Earlier, I'd thought bathing would make me too comfortable at Lichfield Towers, but now I wished I hadn't resisted. Surely one bath and a little food didn't mean I would give up my secrets. There was no reason I couldn't enjoy the comforts until I found a way to escape.

I remained in the bath even when the water cooled. Getting out meant returning to the tower room and being questioned by Fitzroy. While he hadn't hurt me, I didn't trust him not to snap when my refusal to answer stretched his patience too thin. I would need to watch him carefully for signs that his hard exterior was about to crack. Keeping my life and my identity safe had meant learning to read even the subtlest of cues given by those around me. Fitzroy, however, was more difficult. He seemed to have few expressions and held himself with stillness. A machine, Gus had called him. I could well see why.

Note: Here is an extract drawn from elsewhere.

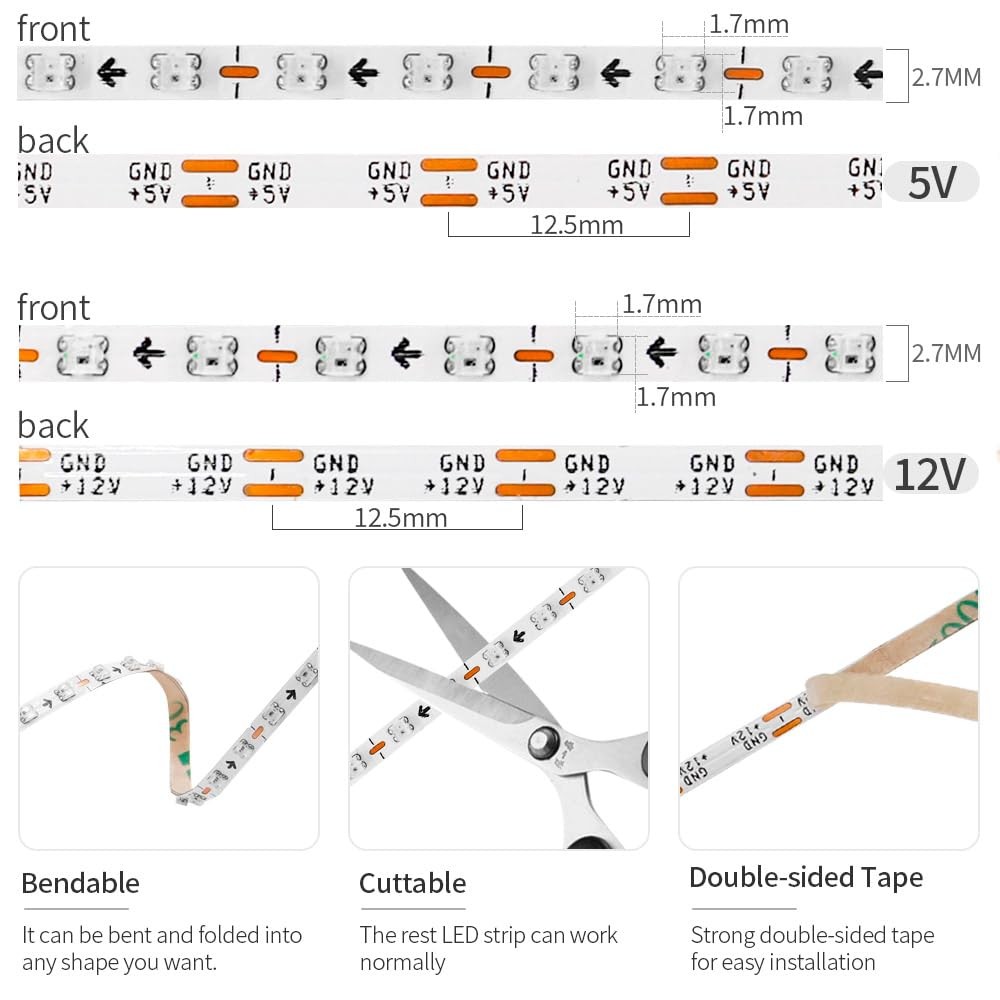 Products Description: Product Name:Ultra Narrow WS2812 Smart Digital LED Strip IC Chip:WS2812B SMD Size: 2020SMD Voltage :DC5V Color:Addressable RGB full color LED Qty:160 LEDs/m PCB width:2.7mm Watts:6w/m Cutted:Per 2 led PCB color:White IP rated:IP20;non-waterproof Pins:3 Wires = 5V+(Red wire), DATA(Green wire), GND(White wire) Operation temperature: -20℃-+45℃ Storage temperature: -20℃-+60℃ View angle: 180° 【Ultra Narrow】The 2.77mm width individually addressable LED strip making them easier to install in tight spaces or on curved surfaces. WS2812B+IC Built-in 2020SMD.LED strip is compatible with SP611E, SP511E, SP105E, SP108E and other music/WIFI APP Pixels controllers. 【Cuttable】Addressable neon LED strip.The interval between the two Cut Mark measures 0.49in(12.5mm).After cut,the rest LED strip can worknormally(Since the light strip is super narrow, don't bend it sharply to avoid breaking!) 【Easy to Install】The LED strip comes with a strong self-adhesive backing, making installation quick and hassle-free. Simply peel off the protective film and stick it to any clean and dry surface. Enjoy instant and effortless installation without the need for additional tools or accessories. 【Versatile Applications】Dream full color programmable LED strip is perfect for a wide range of indoor applications. It can be used to create a cozy atmosphere in bedrooms, illuminate stairs, brighten up living rooms, and add a touch of ambiance to kitchens and bars. It can also be utilized to enhance the aesthetics of wardrobe, display shelves,car,game rooms, and as a TV backlight, bringing a vibrant and dynamic element to your space. 【Tips】When the light strip is in white light, it will gradually change from white light to orange light. This is caused by insufficient voltage. You only need to increase the voltage to solve it.The DC5V light strip needs a DC5V power supply, if it is greater than DC5.5V, the light strip will be damaged! Power supply and controller are not included in the package.

The banging on the door startled me. "Oi!" Gus called. "You drowned or what?"

"Go away!"

"We can't stand round here all day. It's almost dinner time."

Was it that late already? The water was getting cold anyway so I climbed out and dried myself off. I dabbed some of the salve on the cuts I could reach, then finally dressed in the clean clothes. I left my old ones in a puddle in the corner. They were fit only for burning.

I went to adjust my long fringe over my face in front of the mirror, then paused. My skin was no longer dirty and my hair was already drying into waves. I brushed it back with my fingers and stared at the woman in the reflection. There was no way I could fool anyone now that I was clean. My features were too fine and feminine, the plumpness of the thirteen year-old gone. I had changed so much that I hardly recognized myself.